TASK DETAILS
Pictures aside, each entry has to be returned exactly as it stands.

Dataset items
:::

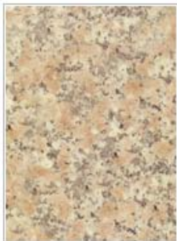
上虞菊花红3305 Chrysanthem... 浙江
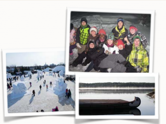
Une vie étudiante qui carbure à la culture francophone dans les praires riches en histoire!

Les élèves de l'école Précieux-Sang jouissent d'une éducation qui se distingue par sa culture francophone et métis. Ils font partie d'une division scolaire, la DSFM, qui est autonome et qui gère plus de 20 écoles éparpillées dans la province du Manitoba. Le caractère propre de la francophonie apporte une richesse linguistique et culturelle hors du commun dans un contexte où l'apprenant sera outillé pour répondre aux besoins d'une société canadienne en perpétuels changements.
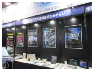
阪和電子工業ブース

その他にもオートモーティブワールド内の5展示会を始め、ウェアラブル EXPO やロボデックス、スマート
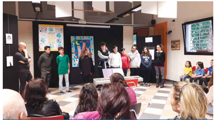
Alcuni Consiglieri del CQR durante la festa del 18 maggio al Graf

E' stato dunque chiesto agli studenti delle scuole coinvolte di riflettere sul tema

:::

EXPECTED OUTPUT
上虞菊花红3305 Chrysanthem... 浙江
Une vie étudiante qui carbure à la culture francophone dans les praires riches en histoire!

Les élèves de l'école Précieux-Sang jouissent d'une éducation qui se distingue par sa culture francophone et métis. Ils font partie d'une division scolaire, la DSFM, qui est autonome et qui gère plus de 20 écoles éparpillées dans la province du Manitoba. Le caractère propre de la francophonie apporte une richesse linguistique et culturelle hors du commun dans un contexte où l'apprenant sera outillé pour répondre aux besoins d'une société canadienne en perpétuels changements.
阪和電子工業ブース

その他にもオートモーティブワールド内の5展示会を始め、ウェアラブル EXPO やロボデックス、スマート
Alcuni Consiglieri del CQR durante la festa del 18 maggio al Graf

E' stato dunque chiesto agli studenti delle scuole coinvolte di riflettere sul tema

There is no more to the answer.